I was futzing around with a low voc, water soluble product called Quantum, but despite the very best efforts of the lovely folks at Bristol in Clifton Hill, we just couldn't get a colour we felt happy with. Ecoply turns out to be a difficult product in that regard; it soaks up heaps of whatever you put on it, meaning that things can end up looking very dark quite quickly. As the ecoply is on our upper story on the north side (above zincalume), I didn't want anything that was going to make it too top heavy. But I kept ending up with either baby poo brown or midwestern barn red.

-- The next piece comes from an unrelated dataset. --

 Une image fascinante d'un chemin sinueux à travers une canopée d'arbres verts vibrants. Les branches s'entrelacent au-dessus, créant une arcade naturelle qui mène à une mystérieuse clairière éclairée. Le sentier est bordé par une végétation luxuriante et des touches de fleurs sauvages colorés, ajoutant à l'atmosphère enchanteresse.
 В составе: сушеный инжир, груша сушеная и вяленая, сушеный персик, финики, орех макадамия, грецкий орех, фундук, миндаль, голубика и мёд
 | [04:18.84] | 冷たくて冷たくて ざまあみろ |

To complicate matters, we are using (at last count) five different timbers:
- undressed radial sawn, silvertop ash battens (these also suck up heaps of product)

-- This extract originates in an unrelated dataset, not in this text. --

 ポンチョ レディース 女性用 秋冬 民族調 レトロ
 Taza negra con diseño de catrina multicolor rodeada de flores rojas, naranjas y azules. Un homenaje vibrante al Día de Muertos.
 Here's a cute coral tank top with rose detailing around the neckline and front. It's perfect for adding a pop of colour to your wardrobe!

- recycled karri door frames
- finger jointed hoop pine window frames
- treated pine (not the nasty stuff) exposed joists and pergola etc
While I grimaced and grumbled and fretted, Rodney got on the phone to some folks in Byron, at Painted Earth: www.house-paint.com.au. Deb was incredibly helpful in talking through options for low VOC paints, and at her suggestion, we ended up at The Designer Paint Shop: www.designerpaintco.com in Surrey Hills.
Martin is a painter, and has been working with Oikos paints for over a decade (if memory serves me correctly). He very patiently brushed out - I think - six Oikos timber treatments onto ecoply on our first trip, AND a further four on ecoply, two on hoop pine and one on karri on our second trip. And then after all that, made up a special colour just for us, one that happened to turn both the hoop pine and the silvertop the exact same colour as the Karri! He said it was incredibly easy, but some people say that about surfing too.
The product we're using is actually a wax. Theoretically, unless abraded by sand or something like that, the protection will last many years, and the biggest problem we will have is that the colour will fade over time.
Here's a little spiel from the website:
NOVALIS WAX FINISH WOODSTAIN is a a transparent, acrylic, woodstain. Its formulation allows it to protect wood from atmospheric agents, Uv rays, woodworm and fungi whilst at the same time maintaining the natural beauty of the wood. The product is available in a vast range of colours, obtained using special transparent pigments. Easy and quick to use, it is non-yellowing and since it works by penetrating into the wood and not by forming a film on the surface, there are no problems of it peeling away in time.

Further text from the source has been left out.